Оттолкнул ее руки, словно они были колючие ежи. Сердце ее билось так гулко, что ей казалось – он слышит этот грохот под ее ребрами. Револьвер Зубрика. Ведь он заряжен. Эмигрант ведет себя как сумасшедший. Они оба сошли с ума.

– Мы будем пить… и есть?..

Ее голос прозвучал намеренно ледяно.

– Сначала мы будем курить.

Она изумленно следила, как он, наклонившись и пошарив в пустом ящике из-под овощей, вытащил оттуда маленькую лампу-спиртовку – не больше того стакана, из которого она пила водку, – и круглый жестяной поднос. Поставил лампу на поднос, потряс в воздухе синим коробком спичек: да, спички еще есть.

– Погоди. Ты замерзла. Тебя надо отогреть. Спешить нельзя.

Он отшагнул во тьму. Наплыл снова. Держал в руках маленькие ящички, латунно, оловянно блестевшие, и две бамбуковых удочки. При чем тут удочки, расширила глаза она, что это за подледный лов, – а он уже поставил латунные ящички на стол, на старую пожелтевшую газету, заляпанную вином, и приблизил к лицу бамбук, придирчиво рассматривая его.

– Что… это?..

– Это трубка. Бамбуковая трубка. А ты думала, флейта?
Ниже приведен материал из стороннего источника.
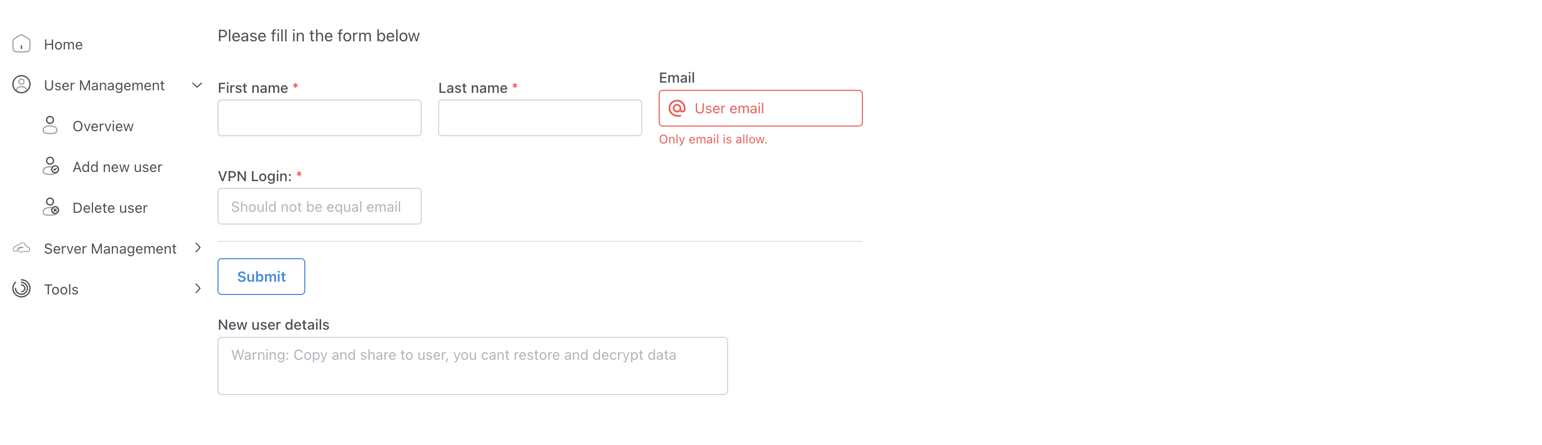 Niflheim VPN server имеет простой веб-интерфейс, которым вы можете воспользоваться для удобства работы.

Она протянула руку, осторожно взяла трубку у него из рук. Торопливо, испуганно протянула обратно. Ей показалось – трубка запаяна с обеих сторон. Нет, есть маленькая дырочка на одном конце, узкое отверстие, как от спички.

– Ты сейчас будешь делать то, что я тебе скажу. Тебе будет хорошо.

Эмигрант зажег фитиль спиртовки, и длинный белый язык пламени поднялся, вырос перед глазами Аллы, как бутон цветка. Глаза ее приковались к огню. Тени ходили по ее лицу. Эмигрант искоса взглядывал на нее, любуясь игрой света на лице, оценивая, запоминая.

Он открыл сначала один латунный ящичек, потом другой. Алла увидела: там, внутри, мед. Темный мед, и, верно, сладкий. Эмигрант усмехнулся. Вытащил из-за отворота штопанной на локтях рубахи иглу, подцепил иглой вязкий темный мед, подержал два, три мгновения над белым огнем. Алла раздула ноздри, пытаясь учуять запах, чуть не крикнула: сейчас капнет!.. – а капля стала расти, набухать, то темнеть, то светлеть, играть и переливаться всеми огнями, и Эмигрант быстро поднес ее к узкому отверстию трубки и тут же – стремительно – подал Алле.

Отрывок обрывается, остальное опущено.